I’ve been reading about writers like Hemingway and Cheever and the necessity of being alone for creativity to unfold. And so far, all I hear from them is that it’s a blessing and a curse. Well, I’ve mostly felt the curse part of solitude. Now I’m feeling the blessing part, too.
Here is what I know about myself. I tend to focus on helping other people. I’m pretty good at it, in fact. That’s why I’m a teacher. The problem with being a teacher, though, is you forget to help yourself. You put everyone else first. And that gets sucky. You get so good at reading other people, that you forget to read yourself. You get so good at sensing what other people need or want, that you can’t remember what?…. huh?….. what was I saying?
I had this student once who talked about how she could never just sit still. How she always had to stay busy. It was almost impossible for her to lay down and rest, even when she was sick. That’s how I am. But it’s not because I can’t sit down and chill. It’s because I feel like if I do, then the world is going to end. Bills need to be paid, dishes need to be done, cats need shots, the roof needs to be fixed, dogs need to be walked. There is an endless list of stuff always whirring around in my head so it takes tremendous fortitude for me to say ‘fuck it’ and just sit down and chill and to accept the mayhem that surrounds me.
Now, in 2017, I’m finally getting it.

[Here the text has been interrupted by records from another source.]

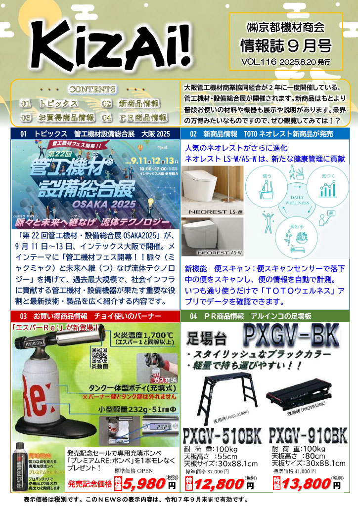 トピックス128 京都機材ニュース2025年9月号を発刊しました(2025.8.20)
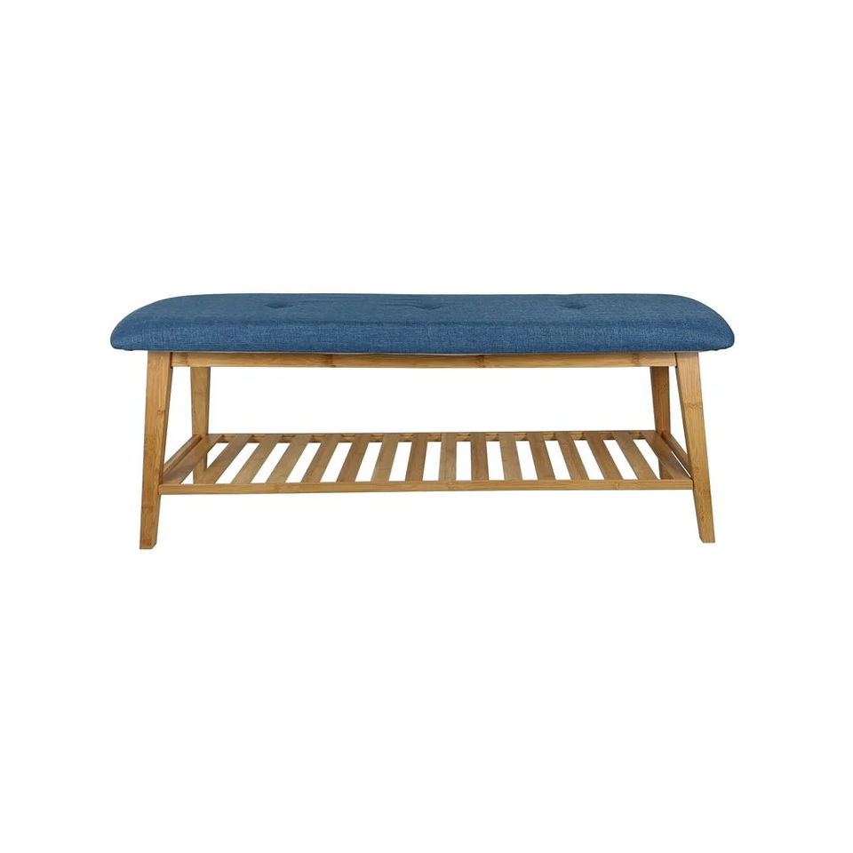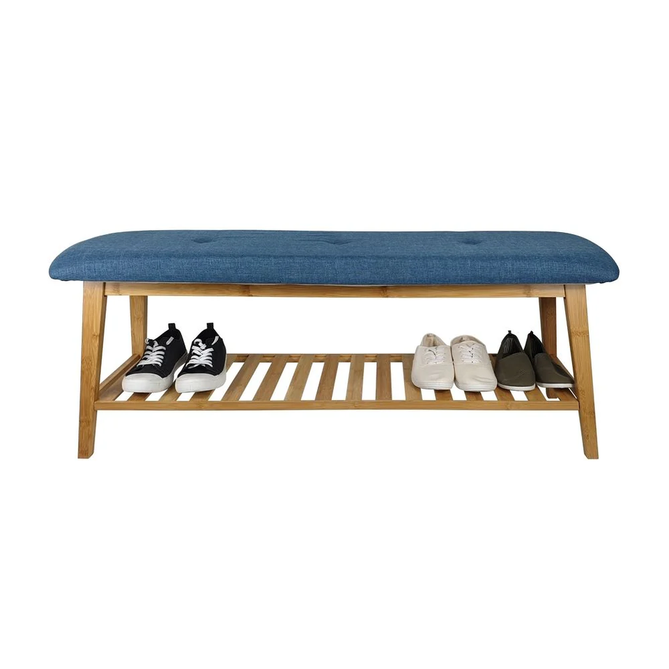 Large Bamboo Shoe Bench Blue:W47,2 x D13,4 x H17,7 inch
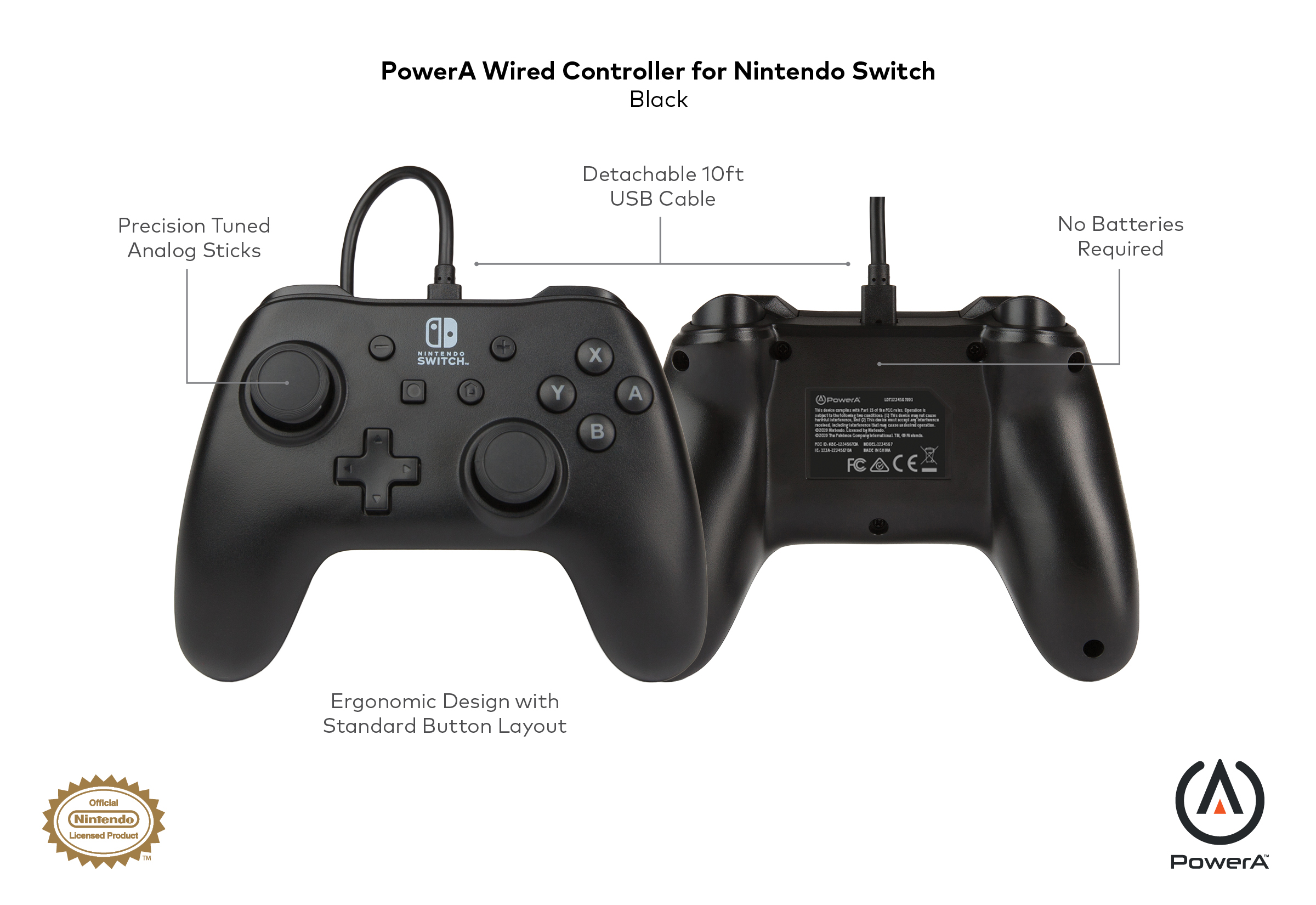 Controller cu fir, PowerA, Pentru Nintendo Switch, Negru

I finally understand why. I can’t sit still and not stay busy because I haven’t – in the past – liked to remember that I’m alone. At least if I’m doing things all the time (usually for other people, directly or indirectly), then I don’t have to think about the fact that I’m alone. Doing things becomes my way of staying connected. Which isn’t necessarily a bad thing. But it’s a thing. Like if I’m running around because I’m going to make a nice dinner for my family, then that’s nice. Or if I’m running around because the dog’s nails need to be trimmed to be happy, then that’s nice, too. But the part that is not nice is that I’m not running around enough for me.

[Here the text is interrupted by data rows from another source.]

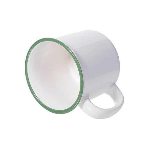 Keramický smaltovaný hrnek 300 ml pro sublimaci - bílý se zeleným okrajem
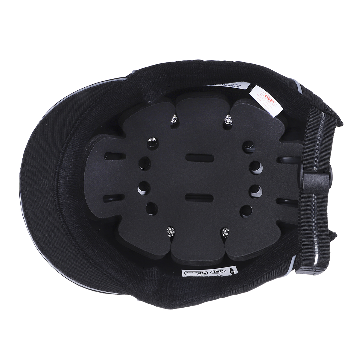 This is Black HDPE Canvas Safety Cap manufactured by JSP. The manufacturer part number is ABT000-001-100. It has an adjustable feature no . It complies with EN812 yes . Its cap is made up of high density polyethylene (hdpe) material . It has a washable machine included yes . It has a decent black colour. It has a micro type peak . It has integral sweatband feature yes . The head size includes 52 - 65cm. It has a/an hdpe as protective material .
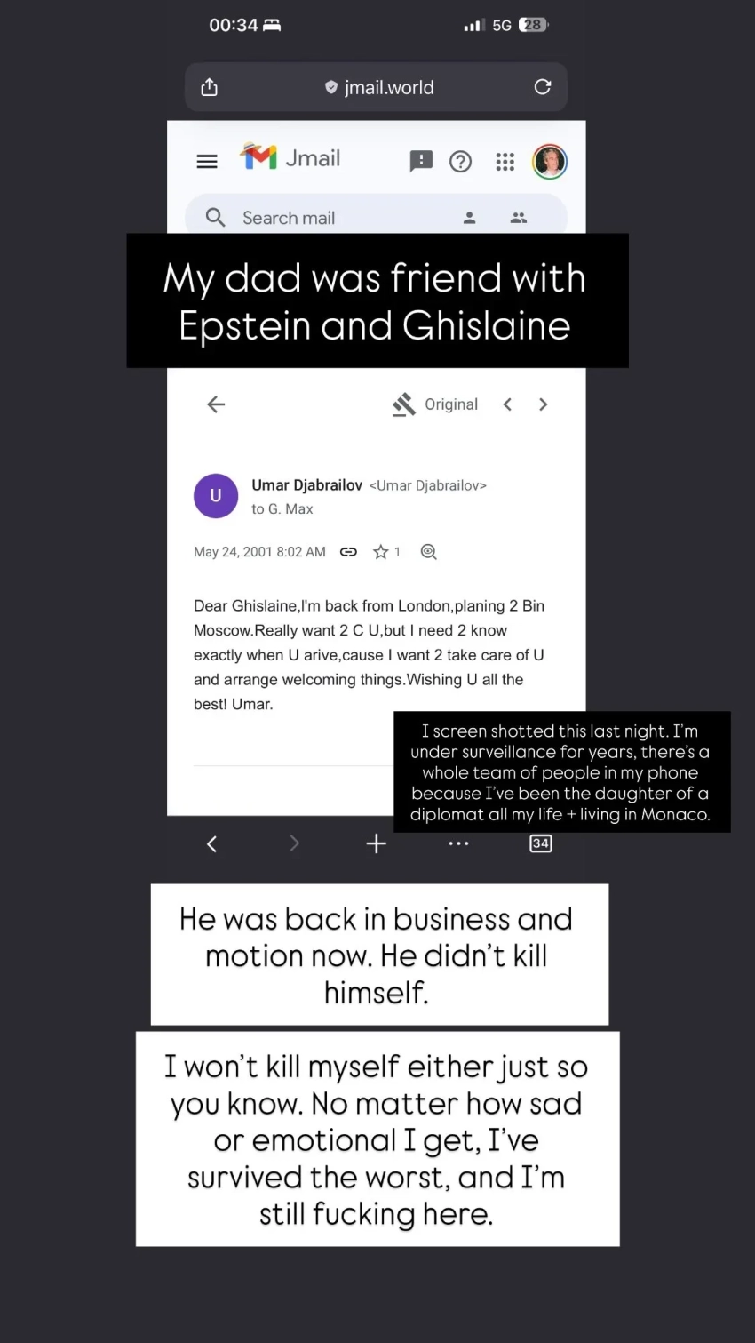 "Мы созванивались несколько дней назад. Он не покончил с собой, его заставили замолчать из-за связи с Эпштейном и Трампом", — отметила она, добавив, что Джабраилов дружил с финансистом и его пособницей Гислейн Максвелл. В подтверждение своих слов Альвина показала скриншот сообщения отца, отправленного Максвелл.
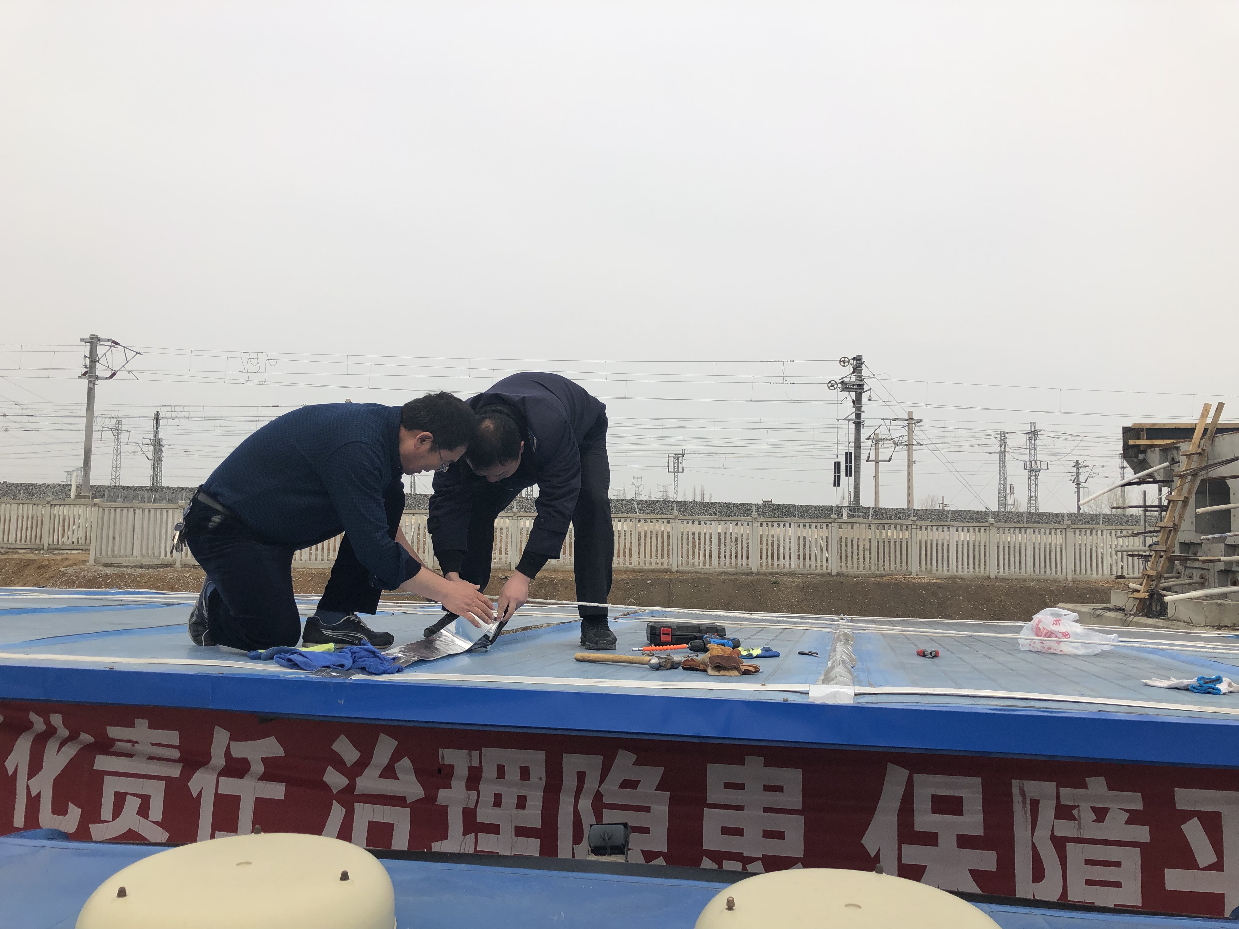 近日,江化北路停车场驾驶员饮水间房顶出现漏雨现象,导致无法正常饮水和午餐。公交乐投app最新版下载,乐投(中国)公交事业一部分公司结合实际需求,利用现有资源临时搭建了一个简易饮水间,内部配置了一台微波炉、冰箱和茶水桶,方便驾驶员跑班休息间隙使用。随后,公交事业一部分公司买来防水材料,带领管理人员爬上房顶,对漏雨的屋顶进行防漏施工补救。

So in 2017 that’s my resolution. If I’m going to run around, I’m doing it for moi more. And it may remind me that I’m alone but so be it. I’ll remember myself as a kid being happy on my own and hopefully that will be enough. I’ll remember that being content and being alone is an example that I can set my family. That nobody has to be there to complete you. That you are complete unto yourself. Because if you go through life thinking someone else is going to complete you, then you are fucked from the start.